:: ASSIGNMENT ::
Your reply should contain the whole listing below, repeated exactly, and no images.

:: GIVEN DATA ::
________________________________________
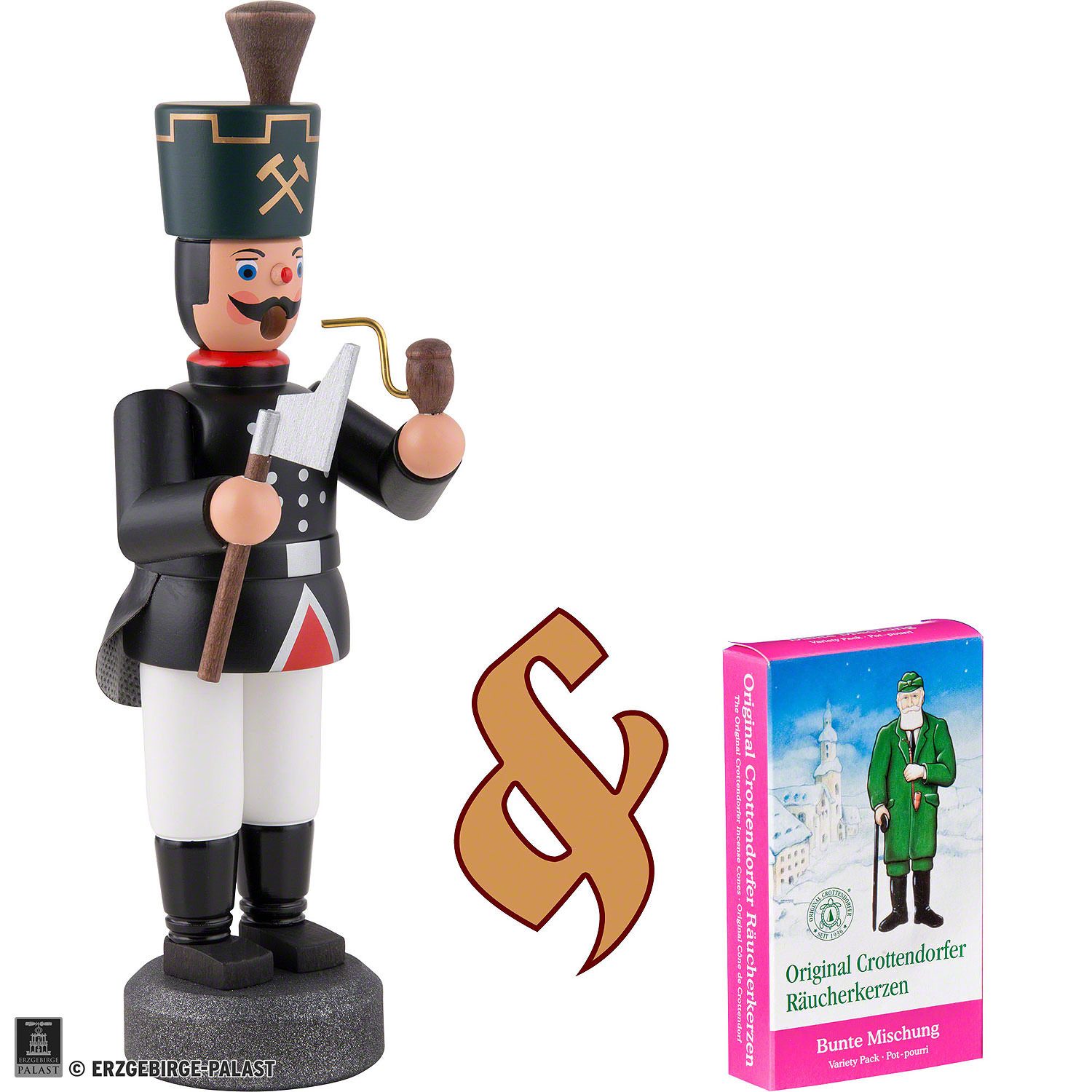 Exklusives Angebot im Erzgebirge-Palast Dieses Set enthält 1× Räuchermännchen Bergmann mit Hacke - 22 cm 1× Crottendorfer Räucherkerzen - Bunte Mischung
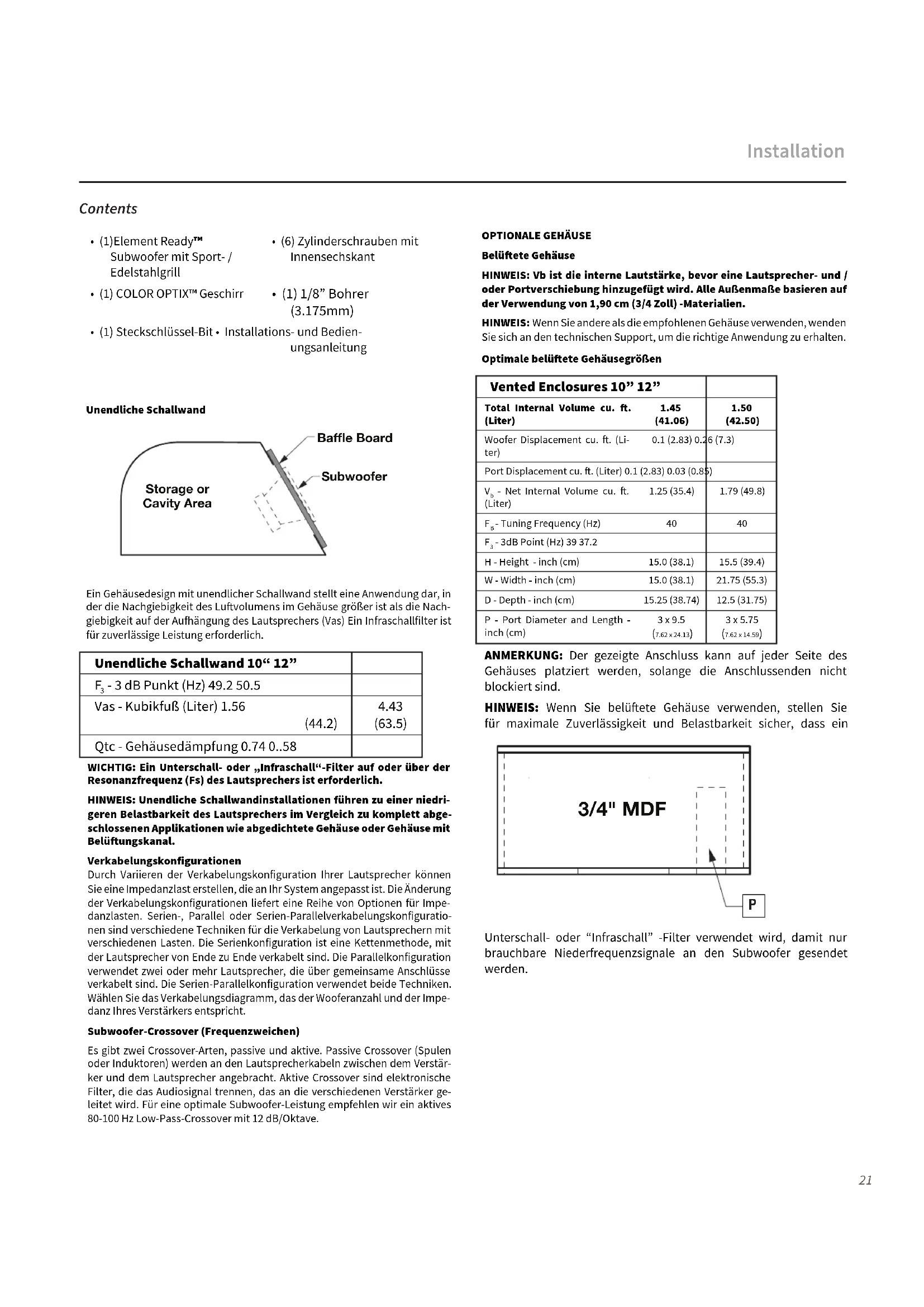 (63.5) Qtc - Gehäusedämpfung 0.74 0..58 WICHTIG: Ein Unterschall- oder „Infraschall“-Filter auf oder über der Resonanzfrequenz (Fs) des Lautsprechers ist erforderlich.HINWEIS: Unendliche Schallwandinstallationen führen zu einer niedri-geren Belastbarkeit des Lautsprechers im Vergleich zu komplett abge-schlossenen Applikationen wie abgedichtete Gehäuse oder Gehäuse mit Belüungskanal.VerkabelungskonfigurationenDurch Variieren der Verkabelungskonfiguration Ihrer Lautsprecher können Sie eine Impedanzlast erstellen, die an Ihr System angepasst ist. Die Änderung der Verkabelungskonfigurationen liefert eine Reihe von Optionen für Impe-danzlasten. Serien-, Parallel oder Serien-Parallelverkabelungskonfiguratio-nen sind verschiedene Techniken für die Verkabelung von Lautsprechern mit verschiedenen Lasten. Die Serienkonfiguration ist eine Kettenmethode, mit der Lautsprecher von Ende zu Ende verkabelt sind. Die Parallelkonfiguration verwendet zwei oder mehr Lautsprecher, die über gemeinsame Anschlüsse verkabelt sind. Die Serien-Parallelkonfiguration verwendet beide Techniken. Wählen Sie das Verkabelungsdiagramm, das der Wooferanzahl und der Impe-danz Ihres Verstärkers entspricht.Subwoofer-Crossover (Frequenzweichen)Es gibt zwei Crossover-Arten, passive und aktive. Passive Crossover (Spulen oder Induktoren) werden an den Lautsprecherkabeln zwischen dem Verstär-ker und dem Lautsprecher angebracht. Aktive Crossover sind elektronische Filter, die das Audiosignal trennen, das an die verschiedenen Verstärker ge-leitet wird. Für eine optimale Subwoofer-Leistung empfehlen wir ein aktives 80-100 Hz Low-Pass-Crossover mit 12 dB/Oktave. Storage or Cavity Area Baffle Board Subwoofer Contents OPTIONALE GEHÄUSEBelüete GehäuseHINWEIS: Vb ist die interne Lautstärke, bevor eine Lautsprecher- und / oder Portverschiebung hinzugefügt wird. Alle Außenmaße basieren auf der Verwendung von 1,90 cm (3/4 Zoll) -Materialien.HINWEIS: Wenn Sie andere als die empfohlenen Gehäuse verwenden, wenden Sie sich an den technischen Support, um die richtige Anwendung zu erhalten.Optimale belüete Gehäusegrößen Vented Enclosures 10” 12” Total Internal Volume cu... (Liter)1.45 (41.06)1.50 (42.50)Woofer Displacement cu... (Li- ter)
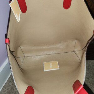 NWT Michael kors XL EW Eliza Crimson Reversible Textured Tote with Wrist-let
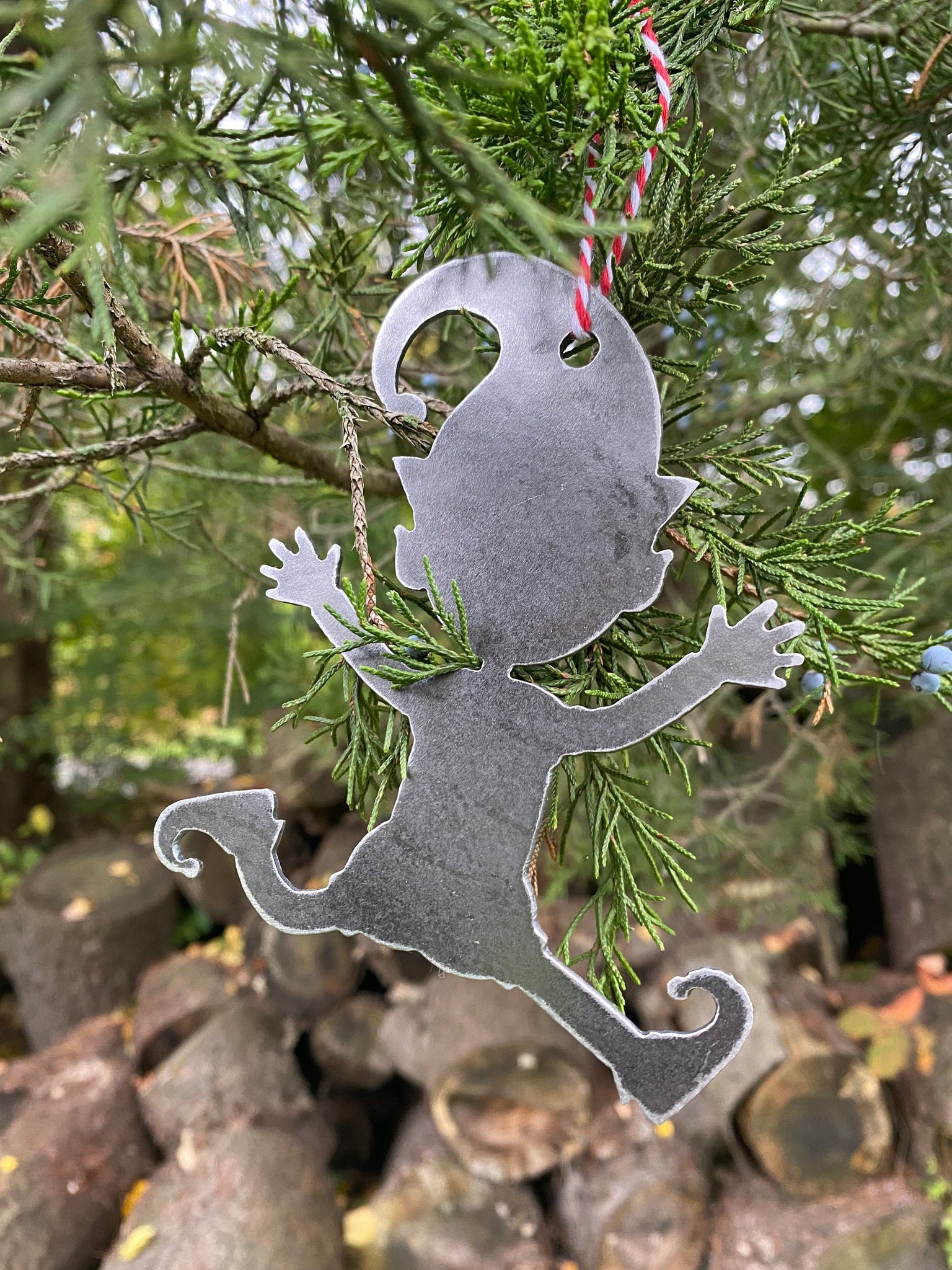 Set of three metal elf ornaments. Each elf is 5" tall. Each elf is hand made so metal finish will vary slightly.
________________________________________
:: WRITTEN RESPONSE ::
 Exklusives Angebot im Erzgebirge-Palast Dieses Set enthält 1× Räuchermännchen Bergmann mit Hacke - 22 cm 1× Crottendorfer Räucherkerzen - Bunte Mischung
 (63.5) Qtc - Gehäusedämpfung 0.74 0..58 WICHTIG: Ein Unterschall- oder „Infraschall“-Filter auf oder über der Resonanzfrequenz (Fs) des Lautsprechers ist erforderlich.HINWEIS: Unendliche Schallwandinstallationen führen zu einer niedri-geren Belastbarkeit des Lautsprechers im Vergleich zu komplett abge-schlossenen Applikationen wie abgedichtete Gehäuse oder Gehäuse mit Belüungskanal.VerkabelungskonfigurationenDurch Variieren der Verkabelungskonfiguration Ihrer Lautsprecher können Sie eine Impedanzlast erstellen, die an Ihr System angepasst ist. Die Änderung der Verkabelungskonfigurationen liefert eine Reihe von Optionen für Impe-danzlasten. Serien-, Parallel oder Serien-Parallelverkabelungskonfiguratio-nen sind verschiedene Techniken für die Verkabelung von Lautsprechern mit verschiedenen Lasten. Die Serienkonfiguration ist eine Kettenmethode, mit der Lautsprecher von Ende zu Ende verkabelt sind. Die Parallelkonfiguration verwendet zwei oder mehr Lautsprecher, die über gemeinsame Anschlüsse verkabelt sind. Die Serien-Parallelkonfiguration verwendet beide Techniken. Wählen Sie das Verkabelungsdiagramm, das der Wooferanzahl und der Impe-danz Ihres Verstärkers entspricht.Subwoofer-Crossover (Frequenzweichen)Es gibt zwei Crossover-Arten, passive und aktive. Passive Crossover (Spulen oder Induktoren) werden an den Lautsprecherkabeln zwischen dem Verstär-ker und dem Lautsprecher angebracht. Aktive Crossover sind elektronische Filter, die das Audiosignal trennen, das an die verschiedenen Verstärker ge-leitet wird. Für eine optimale Subwoofer-Leistung empfehlen wir ein aktives 80-100 Hz Low-Pass-Crossover mit 12 dB/Oktave. Storage or Cavity Area Baffle Board Subwoofer Contents OPTIONALE GEHÄUSEBelüete GehäuseHINWEIS: Vb ist die interne Lautstärke, bevor eine Lautsprecher- und / oder Portverschiebung hinzugefügt wird. Alle Außenmaße basieren auf der Verwendung von 1,90 cm (3/4 Zoll) -Materialien.HINWEIS: Wenn Sie andere als die empfohlenen Gehäuse verwenden, wenden Sie sich an den technischen Support, um die richtige Anwendung zu erhalten.Optimale belüete Gehäusegrößen Vented Enclosures 10” 12” Total Internal Volume cu... (Liter)1.45 (41.06)1.50 (42.50)Woofer Displacement cu... (Li- ter)
 NWT Michael kors XL EW Eliza Crimson Reversible Textured Tote with Wrist-let
 Set of three metal elf ornaments. Each elf is 5" tall. Each elf is hand made so metal finish will vary slightly.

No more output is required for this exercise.